- WHAT YOU WILL DO
Your answer must be the lines from the top of the listing below through the line that holds "2025년 11월 26일(수)", retyped exactly, with no pictures.

(SUPPLIED DATA Opens)

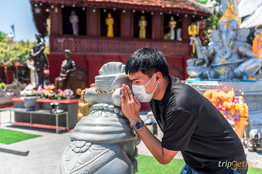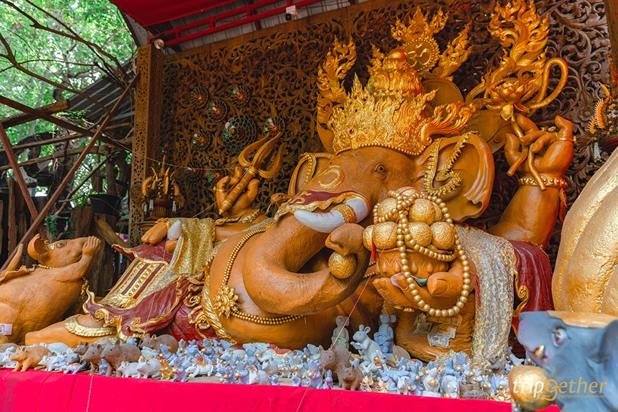 มาต่อกันที่วัดดังในจังหวัดเชียงใหม่ที่ใครๆ ก็ต้องรู้จักนั่นก็คือ วัดป่าแดด วัดที่สายมูตัวจริงต้องหาโอกาสแวะเวียนกันไปไหว้พระ สักการะขอพรกันให้ได้ รวมไปถึงจุดไหว้พระพิฆเนศที่บอกเลยว่าปังมาก เพราะศักดิ์สิทธิ์จนต้องจองคิวกันข้ามเดือนเพื่อทำพิธีอารตีไฟและเจิมหน้าผากโดยจะมีพราหมณ์เป็นผู้ทำพิธีให้ ซึ่งองค์พระพิฆเนศที่วัดป่าแดดเป็นปางอุตรศรีคณปติ ความหมายคือผู้ประทานความสำเร็จในทางที่ถูก ใครที่อยากประสมความสำเร็จไม่ว่าจะการเรียน การงาน ธุรกิจ ก็มากันที่เชียงใหม่ได้เลย
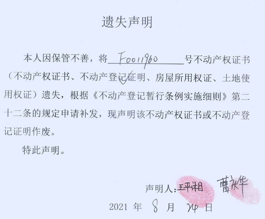 遗失声明(王平湘、曹庆华)
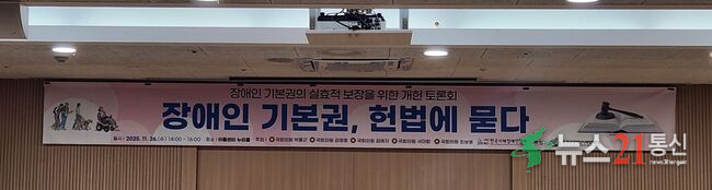 2025년 11월 26일(수) 오후 2시, 이룸센터 누리홀에서 장애인의 헌법적 권리 보장을 위한「장애인 기본권」개헌 토론회가 성황리에 열렸다. 이번 토론회는 장애인의 기본권을 명확히 헌법에 규정하고 실효성을 강화하기 위한 사회적 논의의 장으로 마련되었으며, 장애계와 정치권, 그리고 다양한 시민단체 관계자들이 참석하여 높은 관심을 보였다.
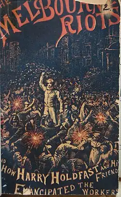 Taking in the state of affairs, and noticing the perplexity of the labor leaders, Slymer instantly brought himself “in evidence” before the crowd. Hastily rising to his legs, he once more addressed the masses of people who thronged the streets, urging them to resist this “unwarranted breach of discipline on the part of the officials” as he called it, and inciting them to deeds of violence to redress this wrong; he called, in the name of justice, upon those who had been “spoliated” by the capitalists to take their revenge and “loot the shops of the Collins Street aristocracy.” Instantly a rush was made down the street, shutters were torn down, windows smashed with the broken shutters, and the jewellers' and other shops were burst open. A cry was raised “To the banks!” and large numbers rushed for these time-honored representatives of vested interests, but they were too firmly constructed to be burst open, and the crowds returned to the shops of the “small-fry” capitalists. The police and the troopers were powerless to stop the furious onslaught of the people, although they mercilessly beat them with their batons and their swords until wounded and dying rioters were lying about in all directions.
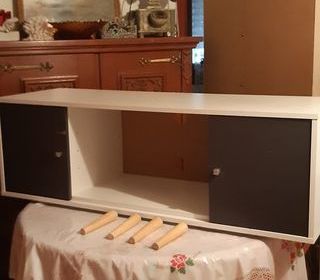 Meuble support de télévision, blanc. Espace central de 55 cm - 2 emplacements aux extrémités ,de 30 cm, fermés par 2 portes de couleur noire. Longueur 115 cm - hauteur 40 cm + 16 c
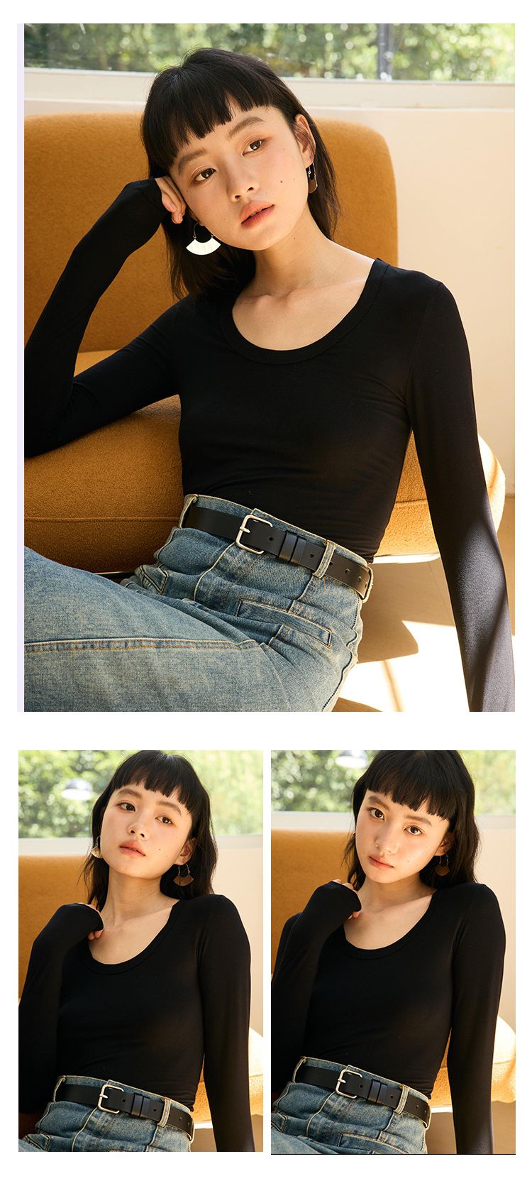 U領拉長頸部線條,修飾臉型和直角肩膀
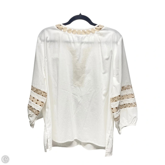Top Long Sleeve By Time And Tru In Tan & White, Size: 2x
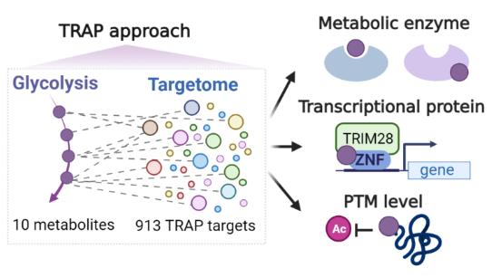 过度活跃的糖酵解通路是大多数癌细胞代谢特征之一,以往研究表明代谢物可作为信号分子发挥非代谢的调控功能,研究团队提出通过描绘糖酵解通路上主要代谢物的靶标组,深入理解糖酵解支撑肿瘤发生发展的机制。团队创新性建立了靶标响应可及性变化谱TRAP技术(Target-Responsive Accessibility Profiling),在癌细胞系中描绘了10种糖酵解代谢物的靶标组,共发现913个可及性变化的候选靶标。进一步的机制研究揭示了糖酵解代谢物对靶标组的丰富调控模式,包含干扰碳代谢酶的活性、影响转录蛋白的功能及靶标的翻译后修饰水平等。
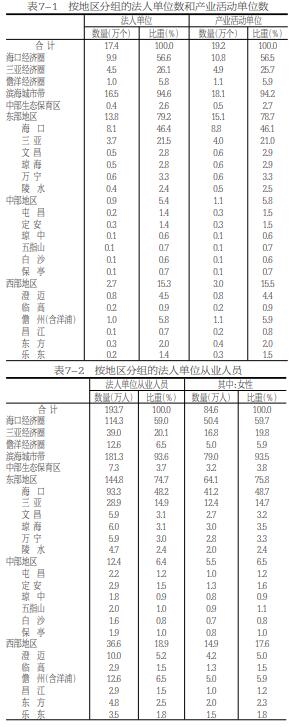 在第二产业和第三产业法人单位中,位居前三位的地区是:海口市8.1万个,占46.4%;三亚市3.7万个,占21.5%;儋州市(含洋浦)1.0万个,占5.8%。

(SUPPLIED DATA Closes)

- REPLY TO THE EXERCISE
 มาต่อกันที่วัดดังในจังหวัดเชียงใหม่ที่ใครๆ ก็ต้องรู้จักนั่นก็คือ วัดป่าแดด วัดที่สายมูตัวจริงต้องหาโอกาสแวะเวียนกันไปไหว้พระ สักการะขอพรกันให้ได้ รวมไปถึงจุดไหว้พระพิฆเนศที่บอกเลยว่าปังมาก เพราะศักดิ์สิทธิ์จนต้องจองคิวกันข้ามเดือนเพื่อทำพิธีอารตีไฟและเจิมหน้าผากโดยจะมีพราหมณ์เป็นผู้ทำพิธีให้ ซึ่งองค์พระพิฆเนศที่วัดป่าแดดเป็นปางอุตรศรีคณปติ ความหมายคือผู้ประทานความสำเร็จในทางที่ถูก ใครที่อยากประสมความสำเร็จไม่ว่าจะการเรียน การงาน ธุรกิจ ก็มากันที่เชียงใหม่ได้เลย
 遗失声明(王平湘、曹庆华)
 2025년 11월 26일(수) 오후 2시, 이룸센터 누리홀에서 장애인의 헌법적 권리 보장을 위한「장애인 기본권」개헌 토론회가 성황리에 열렸다. 이번 토론회는 장애인의 기본권을 명확히 헌법에 규정하고 실효성을 강화하기 위한 사회적 논의의 장으로 마련되었으며, 장애계와 정치권, 그리고 다양한 시민단체 관계자들이 참석하여 높은 관심을 보였다.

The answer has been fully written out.